The Trade Donald Trump Hates – But One Top Investor Loves
Wipe the crust out of your eyes—it’s gonna be another long day.
World markets are reeling. Investors are slamming U.S. stocks before the morning bell. And oil is punching down to more 12-year lows.
So what are you doing about it?
I recently said you should keep a list of stocks you’d like to buy if they fell back to a price you liked. Have you done it? If you have, you’re in good company. And today we’re prying a name from the list of one of the biggest fish in the biz…

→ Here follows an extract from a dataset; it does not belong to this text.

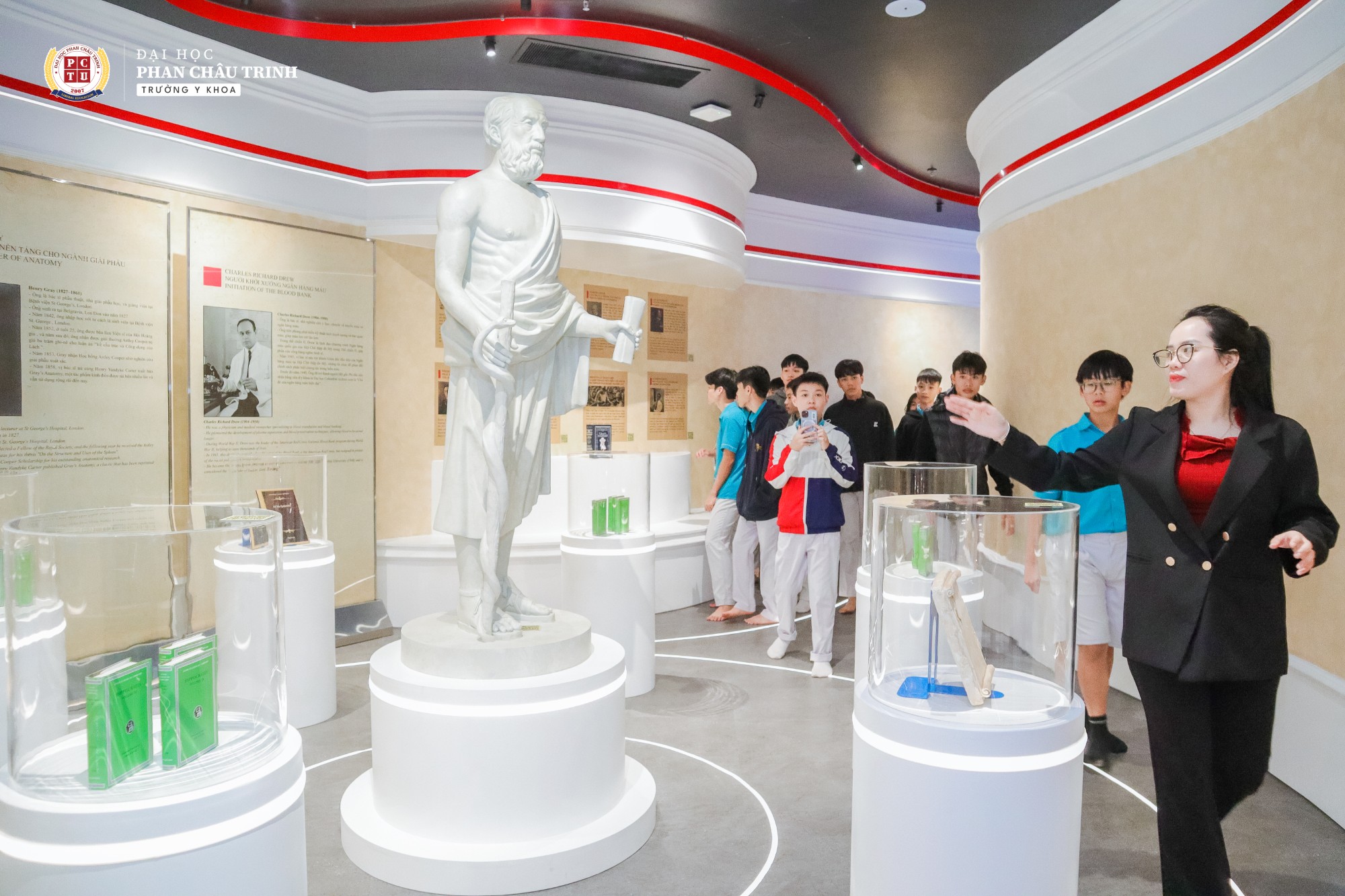 After the simulation hospital, the group continued to explore the Medical Museum, a unique exhibition space that “time-traveled” them through medical stories from ancient to modern times. This experience helped students understand the history of medicine in Vietnam and around the world, while also imagining the future of healthcare in the AI era—nurturing dreams of becoming health science students.

I’m talking about Greenlight Capital’s David Einhorn. Dave’s a billionaire—and he didn’t acquire his cash stash by accident. His fund has returned nearly 17% annually to investors since its 1996 inception.
There have been some bumps along the way. 2015 was one of them. Greenlight lost more than 20% last year. Mainly because they were short Netflix and Amazon—the top two stocks in the S&P 500. And as Einhorn concedes in a letter to partners, Greenlight’s worst performing investments were its biggest positions. Eek!
But I wouldn’t bet against Einhorn in the long run. Even though this market has whipped him good, he’s still finding ways to put his money to work.
Just check out his latest big trade: Macy’s (NYSE:M). That struggling retailer burning piles of cash and closing stores left and right… That former peddler of Donald J. Trump branded shirts and ties that now finds itself slammed on national TV… That Macy’s.
Macy’s was torpedoed last year. After topping out above $70 in July shares sank well below $40. No surprise there. Even if you didn’t know jack about Macy’s, you know the market’s crushed retail stocks over the past six months.
Blame it all on Amazon. As I said earlier this month, Amazon has knocked Walmart off its throne as King Retailer. Amazon’s market-cap jumped above Walmart’s for the first time ever last July when its shares rocketed higher on upbeat earnings. Amazon hasn’t looked back since. “E-tail” wins, while traditional retailers like Walmart and Macy’s get nailed…
But 2016 has been a weird year. One of the big surprises so far has been a sharp rebound in the brick and mortar retailers everyone supposedly hates. Walmart has quietly started sneaking higher after a dreadful 2015. And now Macy’s might be showing signs of life. It’s a bottom fisher’s dream—assuming you’ve found the right fishing hole.
Activist hedge fund Starboard Value is already onboard the Macy’s bandwagon. And Einhorn revealed his own stake in the troubled retailer yesterday.
While these two groups are in this turnaround play for the long haul, the charts show reason for optimism in the near-term, too. Take a gander:
After six months of hell, Macy’s shares looks like they’re mustering up their best attempt at a bottom. The stock received a nice pop with the announcement that Einhorn acquired a position. And we even see shares poking their heads above the 50-day moving average—a feat that last happened when the stock was near its highs last July…
While I don’t think it’s prudent to go “all-in” on a stock like this, buying a small taste with a stop just south of $35 isn’t a bad deal in this market. If you’re a trader who’s been practicing sound risk management, you should have a few bucks on hand to dump into some longer-term speculative plays.